There are a lot of things fantastic about this book, from its small press publisher (Roundabout Press) to how it’s being released (Clarke—a founding editor of the monumental Post Road, co-owner of Newtonville Books—has asked readers not to buy the book from Amazon, and then furthered the ask by offering, to anyone who ordered the book direct, an essay to accompany the book, an essay titled "B.E.E. & Me," describing Clarke’s own personal relationship with Bret Easton Ellis). But the most interesting aspects of this book, of course, are to be found inside the book itself. Most interesting among them is how the readers find themselves situated in it from the outset: We’re dropped, almost instantly, off and running into the present of Charlie’s life in Arizona.  Where many novels offer the prerequisite back-story exposition—who the players are, how they got here, and what they want—Vernon Downs trucks with precious little of that. As a result, the reading experience itself feels unusual from the start: We’re less offered traditional fiction’s full, perfectly rendered profiles of our protagonists, but are instead offered just people, acting, doing, being, not presented so much as activated.  And through their actions, we deduce and understand who they are. The sensation, at least for me at the book’s start, was that I kept trying to page backward to before the book had even begun, searching for a back-story that somehow predates the book’s conception.

What this does, functionally, to the reading experience, is that you can’t help feeling like you’re discovering Charlie as he sets out to discover Vernon; and then, once he has discovered him and they’ve become friends (and more: Charlie works for Downs, house-sitting at his apartment in New York), you move on to beginning to understand who Charlie is. It gives nothing away to say that Charlie becomes more than a little obsessed with Vernon, to the point of pretending to be him. Clearly this brings lots of trouble, but, in the process, even more is revealed about Charlie as well—his family background, and why he’s so hard-up for human connection, why he desires to feel like he belongs, desiring it so intensely that he would cross pretty obvious Do-Not-Cross societal lines.

What makes the book so moving, I think, by its end, is how it tries to square this search-for-self in the context of story: The novel literally ends not with some big climax and denouement of action or release, but with Charlie considering how he would, in the future, relate the events of the whole book itself—in other words, how he’d package it as story, and how story creates and/or defines self.

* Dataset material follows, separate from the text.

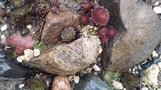 Почему то вспомнилась именно эта песня группы Звери "Ухожу красиво". А у меня сегодня подборка растений, которые выходят красивыми из под снега, стойко выдержав морозы и красуясь теперь среди слякотного унылого пейзажа. 😁 У самого входа уже радостно встречает бересклет, сорт не знаю, но это ползучая форма. На мини-рокарии у входа можно полюбоваться: арабисом; крупкой, которая совсем скоро зацветет; молодилами. В суккулентном мини-садике самая красивая - это конечно армерия можжевелолистная. ...
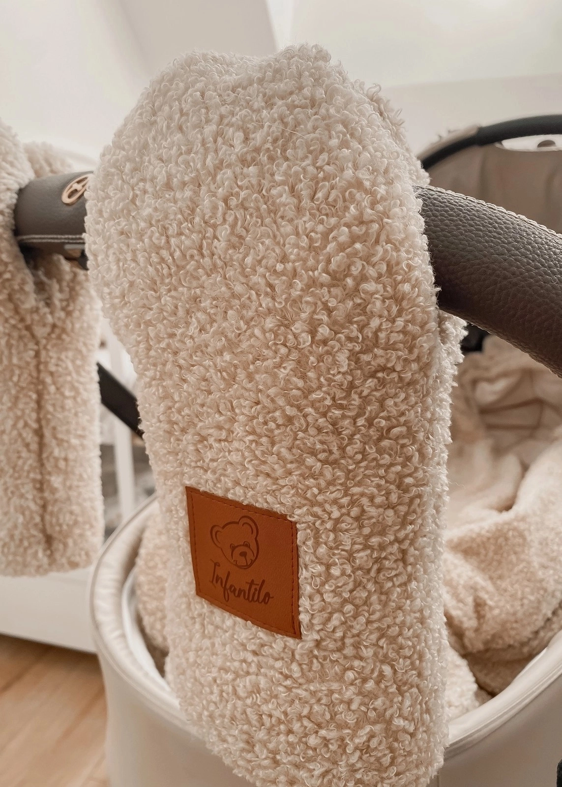 Stylowy komplet do wózka - Rękawice doskonale komponują się z innymi produktami z naszej kolekcji – śpiworkiem do wózka, kocykiem z kapturkiem czy pościelą, uszytymi z tej samej tkaniny o strukturze baranka boucle.

Such a notion is, of course, nothing that monumental—most of us understand it intuitively, and yet the awareness of this does nothing to diminish the pleasure of Clarke’s story. Charlie’s a lost sort, looking for something, grasping, and yet, ultimately, what he finds has much more to do with his own self, his own cares and tendencies.

I don’t want to make it sound like some massively idea-driven book either: Vernon Downs is reading pleasure, and, like the best books, big abstractions are presented largely through the story as it unfolds. Among the readerly pleasures, also, is how closely this book hews to nonfiction: Bret Easton Ellis is Vernon Downs’s obvious model, and the 1980s book world of New York is painted entirely fictively. Yet, if you recognize some of the characters, some of the books, some of the controversies that arose in those days, there’s a deliciousness to seeing them rehashed, albeit mildly tweaked. That’s not at all to say you need to know about, for instance, the furor Ellis found himself experiencing on the publication of American Psycho; Clarke’s new novel will offer enjoyments to any reader. The operative thing is that Vernon Downs offers an unsettling, bracing look at what obsession with an artist can look like.

Contributor

Weston Cutter

WESTON CUTTER is from Minnesota and is the author of You'd Be A Stranger, Too (BlazeVOX Books, 2010) and All Black Everything (New Michigan Press, 2012).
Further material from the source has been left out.